Какой это был красивый город. Крутые черепичные крыши матово блестели.

Невысокие, со сложным рисунком фасадов дома. Сложные переплеты окон. Вычурный выгиб дверных проемов. Цветники. Розы. Острые шпили кирх. Конечно, кое-что и сейчас сохранилось, но в эту череду старинных домов, как и в Калининграде, словно неповоротливые грубые носороги, влезли серые, бетонные, с голыми и пустыми, как душа их создателей, фасадами пятиэтажки. В одной из кирх — спортзал, в другой, пожалуй, самой красивой в этом краю, легкой, изящной, устремленной своим острым шпилем в небо кирхе — склад военного имущества. Груды заплесневелых ботинок и сапог, шинелей, ремней, ящики с каким-то еще, видимо, невероятно важным армейским имуществом, если для его хранения отдано такое прекрасное здание. Жаль, время не щадит! Если в доме никто не живет, он быстро разрушается. И эта кирха гибнет. Часть обшивки со шпиля сорвана, зияют черные дубовые балки. Сколько они продержатся? Уже множество раз различные общественные организации обращались к местным властям, в горсовет, здание которого находится как раз напротив кирхи, но в ответ лишь одно молчание. Что же за люди там, руководители городские? Ничего не видят? Не свое, мол, чужое? Или начисто лишены понимания красоты, гибнущей на их глазах? А вот „корнет Александров“, он же „кавалерист-девица“ Надежда Дурова, служившая в Восточной Пруссии, в Литовском уланском инстербургском полку, восхищалась этой кирхой.

— Все сели? Никто не отстал? Поехали!

Мягкий гул колес. Всколыхивание, покачивание огромного железного корпуса. Молодые голоса студенток музыкального училища, собравшихся вновь в корме „Икаруса“, чей-то неторопливый ломкий юношеский басок, звуки гитары…

— Пан полковник, я не только немец-поляк, но я еще и литовец! Да, так есть, пан полковник, — откровенничал вечером в замке Яцек — Фриц Иванович. — Мой дед был литовцем, пан полковник, так уж все сложилось. Но плохо ли это? Я весь — сплошнявый, да? — „интернационал“!..
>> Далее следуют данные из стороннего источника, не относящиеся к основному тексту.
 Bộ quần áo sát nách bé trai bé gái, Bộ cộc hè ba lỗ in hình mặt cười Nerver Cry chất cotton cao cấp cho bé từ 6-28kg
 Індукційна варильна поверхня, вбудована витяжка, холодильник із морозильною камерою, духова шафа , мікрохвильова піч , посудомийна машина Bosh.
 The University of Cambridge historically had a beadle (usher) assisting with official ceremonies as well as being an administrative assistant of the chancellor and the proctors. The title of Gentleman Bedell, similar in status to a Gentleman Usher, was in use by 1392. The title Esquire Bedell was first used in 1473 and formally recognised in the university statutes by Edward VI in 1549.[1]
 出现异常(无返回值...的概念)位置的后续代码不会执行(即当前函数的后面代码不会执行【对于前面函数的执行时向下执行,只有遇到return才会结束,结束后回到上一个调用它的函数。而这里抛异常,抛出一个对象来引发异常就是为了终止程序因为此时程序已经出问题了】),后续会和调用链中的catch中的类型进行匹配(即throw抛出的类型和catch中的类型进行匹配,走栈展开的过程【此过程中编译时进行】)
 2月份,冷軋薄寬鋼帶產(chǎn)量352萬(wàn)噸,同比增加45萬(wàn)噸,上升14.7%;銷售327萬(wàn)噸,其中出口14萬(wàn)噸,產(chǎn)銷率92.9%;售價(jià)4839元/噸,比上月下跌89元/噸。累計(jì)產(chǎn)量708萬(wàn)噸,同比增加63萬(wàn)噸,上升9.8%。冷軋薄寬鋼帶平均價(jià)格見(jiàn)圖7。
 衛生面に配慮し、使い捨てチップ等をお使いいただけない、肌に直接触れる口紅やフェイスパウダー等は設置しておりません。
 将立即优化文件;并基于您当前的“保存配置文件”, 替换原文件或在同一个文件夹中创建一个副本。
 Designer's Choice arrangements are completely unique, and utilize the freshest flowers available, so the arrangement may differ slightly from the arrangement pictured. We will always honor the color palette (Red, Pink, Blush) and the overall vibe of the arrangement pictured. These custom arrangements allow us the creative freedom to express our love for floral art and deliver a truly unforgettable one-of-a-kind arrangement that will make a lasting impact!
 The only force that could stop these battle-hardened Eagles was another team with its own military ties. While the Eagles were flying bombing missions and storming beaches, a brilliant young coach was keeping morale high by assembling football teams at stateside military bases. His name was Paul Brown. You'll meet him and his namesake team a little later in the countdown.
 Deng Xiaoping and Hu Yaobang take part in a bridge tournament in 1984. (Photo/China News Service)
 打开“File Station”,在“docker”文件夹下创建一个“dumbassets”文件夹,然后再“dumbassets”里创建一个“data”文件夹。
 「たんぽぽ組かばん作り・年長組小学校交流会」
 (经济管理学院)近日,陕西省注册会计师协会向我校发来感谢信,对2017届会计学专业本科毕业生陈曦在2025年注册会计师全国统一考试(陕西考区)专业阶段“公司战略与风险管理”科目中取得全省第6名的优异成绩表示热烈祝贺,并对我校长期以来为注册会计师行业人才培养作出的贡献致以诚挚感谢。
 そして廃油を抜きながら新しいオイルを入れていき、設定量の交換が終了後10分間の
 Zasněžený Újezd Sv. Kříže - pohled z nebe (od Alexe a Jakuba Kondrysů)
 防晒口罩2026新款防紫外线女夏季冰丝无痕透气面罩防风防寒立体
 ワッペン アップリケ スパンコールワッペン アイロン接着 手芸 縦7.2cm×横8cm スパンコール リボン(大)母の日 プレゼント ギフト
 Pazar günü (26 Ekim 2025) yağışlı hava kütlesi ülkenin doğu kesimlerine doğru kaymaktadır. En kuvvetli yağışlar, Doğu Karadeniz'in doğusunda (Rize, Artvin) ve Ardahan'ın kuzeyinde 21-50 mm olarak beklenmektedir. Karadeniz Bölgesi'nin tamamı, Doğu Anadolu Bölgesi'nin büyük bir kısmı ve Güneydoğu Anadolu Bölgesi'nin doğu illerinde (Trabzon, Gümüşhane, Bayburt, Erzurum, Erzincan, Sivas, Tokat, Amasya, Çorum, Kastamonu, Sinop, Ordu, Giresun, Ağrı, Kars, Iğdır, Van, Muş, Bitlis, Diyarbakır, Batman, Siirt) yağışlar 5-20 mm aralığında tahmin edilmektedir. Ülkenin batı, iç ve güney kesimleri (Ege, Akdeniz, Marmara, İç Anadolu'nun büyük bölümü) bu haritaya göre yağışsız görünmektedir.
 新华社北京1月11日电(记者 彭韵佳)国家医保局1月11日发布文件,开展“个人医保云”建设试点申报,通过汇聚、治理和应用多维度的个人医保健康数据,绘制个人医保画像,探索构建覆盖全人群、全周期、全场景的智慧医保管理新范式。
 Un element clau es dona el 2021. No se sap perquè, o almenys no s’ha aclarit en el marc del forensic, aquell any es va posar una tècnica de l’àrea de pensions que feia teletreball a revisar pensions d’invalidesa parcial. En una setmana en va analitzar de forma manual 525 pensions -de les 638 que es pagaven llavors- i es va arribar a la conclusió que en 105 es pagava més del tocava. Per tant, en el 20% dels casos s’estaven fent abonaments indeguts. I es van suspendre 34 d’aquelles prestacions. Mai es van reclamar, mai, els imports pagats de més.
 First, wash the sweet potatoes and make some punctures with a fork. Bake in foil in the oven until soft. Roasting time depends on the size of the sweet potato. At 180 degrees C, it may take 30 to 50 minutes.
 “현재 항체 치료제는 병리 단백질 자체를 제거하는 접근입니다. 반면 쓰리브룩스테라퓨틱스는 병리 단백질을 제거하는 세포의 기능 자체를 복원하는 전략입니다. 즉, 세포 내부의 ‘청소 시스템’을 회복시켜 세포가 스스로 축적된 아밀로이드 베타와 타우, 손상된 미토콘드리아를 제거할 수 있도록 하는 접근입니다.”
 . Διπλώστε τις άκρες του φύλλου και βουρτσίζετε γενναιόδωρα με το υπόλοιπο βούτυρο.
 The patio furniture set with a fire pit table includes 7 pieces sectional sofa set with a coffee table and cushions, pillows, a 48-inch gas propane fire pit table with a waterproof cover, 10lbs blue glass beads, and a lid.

Он проводил нас на территорию конезавода, огромные, светлые конюшни которого занимал сейчас хозяйственный взвод пехотной дивизии, расквартированной в Инстербурге. В центре огромного четырехугольного двора был розарий. Памятник стоял бронзовый — конь, легко скачущий, один, без седока, с развевающейся гривой и длинным, взметнувшимся на ветру хвостом. Двери конюшен, украшенные искусной резьбой, выходили на этот плац, но сами конюшни оказались пустыми; почти всех лошадей вывезли отсюда еще в октябре сорок четвертого года, лишь трех коней, самых дорогих производителей, элиту, как пояснил Яцек — Фриц Иванович, оставили. Ждали какой-то специальный транспорт. А потом наступила зима. А потом Пруссия была отрезана от Германии войсками Красной Армии, вышедшими к Балтийскому морю, а вслед за этим как-то неожиданно „красные“ очутились и здесь.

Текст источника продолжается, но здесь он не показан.